* Directions for this task: Begin at the top of the entries below and write out every line through the one containing "ပေါင်းစပ်ဆောင်ရွက်ပေးခဲ့ကြောင်း သိရသည်။ တင်ထွန်း(ပြန်/ဆက်)", excluding pictures.

*****

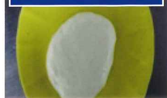
④ちょうど良い硬さ、香ばしく米の風味もちょうどよい
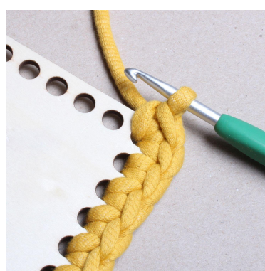
15) Virka 2 fm i varje hörn.
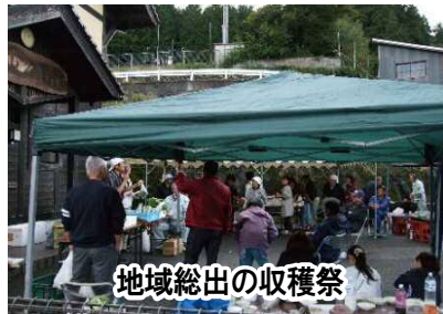
地域総出の収穫祭
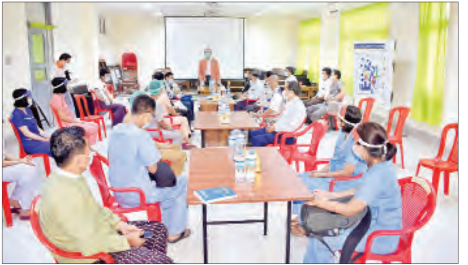
ပြည်နယ်ဝန်ကြီးချုပ်နှင့်အဖွဲ့သည် အဆိုပါအသွားအလာ လူငယ်များနှင့်တွေ့ဆုံကာ လိုအပ်ချက်များကို တာဝန်ရှိသူကန်သတ်စောင့်ကြည့်နေရာများတွင် ပူးပေါင်းပါဝင်ကူညီဆောင်ရွက်ပေးနေကြသည့် နိုင်ငံအနှံ့မှ စေတနာ့ဝန်ထမ်းများနှင့် ပေါင်းစပ်ဆောင်ရွက်ပေးခဲ့ကြောင်း သိရသည်။ တင်ထွန်း(ပြန်/ဆက်)

တွေ့ဆုံသည်။ တွေ့ဆုံစဉ် ပြည်နယ်ဝန်ကြီးချုပ်က ရခိုင်ပြည်နယ်၏ ကိုဗစ် - ၁၉ ရောဂါ ကာကွယ်၊ ထိန်းချုပ်၊ ကုသရေးလုပ်ငန်းများတွင် တာဝန်အရမဟုတ်ဘဲ မိမိတို့၏ စေတနာမေတ္တာများဖြင့် လာရောက်ကူညီဆောင်ရွက်ပေးကြသည့်အတွက် အထူးပင်ကျေးဇူးတင်ပါကြောင်း၊ မိမိတို့အစိုးရအဖွဲ့အနေဖြင့် တတ်နိုင်သလောက် ပိုင်းဝန်းပူးပေါင်းဆောင်ရွက်သွားမည်ဖြစ်ကြောင်း၊ နေထိုင်စားသောက်ရေးနှင့် ဆေးဝါးများအတွက်လည်း ကူညီဖြည့်ဆည်းပေးသွားမည်ဖြစ်ကြောင်း၊ ယခုကဲ့သို့ အင်အားအပြည့်ဖြင့် လာရောက်ဆောင်ရွက်ပေးကြသည့်အတွက် မိမိတို့အတွက် စိတ်အား၊ ခွန်အားများဖြစ်ပါကြောင်း၊ ကျေးဇူးလည်း များစွာတင်ပါကြောင်း ပြောကြားပြီး “မိမိဆန္ဒအလျောက်” ယာယီတာဝန်ထမ်းဆောင်မည့် ဆရာဝန်နှင့် သူနာပြုများအတွက် ထောက်ပံ့ငွေကျပ် ၄၅ သိန်းအား ပေးအပ်သည်။ ထို့နောက် ပြည်နယ်ဝန်ကြီးချုပ်နှင့်အဖွဲ့သည် စစ်တွေတက္ကသိုလ်(ဘုမေ)၌ ကိုဗစ်-၁၉ ပိုးတွေ့လူနာများအတွက် သီးသန့်လူနာဆောင်များပြုလုပ်မည့် အဆောင်များနှင့် အသွားအလာကန့်သတ် စောင့်ကြည့်သူများထားရှိရာ အဆောင်များသို့ သွားရောက်ကြည့်ရှုစစ်ဆေးသည်။

*****

* Reply:
④ちょうど良い硬さ、香ばしく米の風味もちょうどよい
15) Virka 2 fm i varje hörn.
地域総出の収穫祭
ပြည်နယ်ဝန်ကြီးချုပ်နှင့်အဖွဲ့သည် အဆိုပါအသွားအလာ လူငယ်များနှင့်တွေ့ဆုံကာ လိုအပ်ချက်များကို တာဝန်ရှိသူကန်သတ်စောင့်ကြည့်နေရာများတွင် ပူးပေါင်းပါဝင်ကူညီဆောင်ရွက်ပေးနေကြသည့် နိုင်ငံအနှံ့မှ စေတနာ့ဝန်ထမ်းများနှင့် ပေါင်းစပ်ဆောင်ရွက်ပေးခဲ့ကြောင်း သိရသည်။ တင်ထွန်း(ပြန်/ဆက်)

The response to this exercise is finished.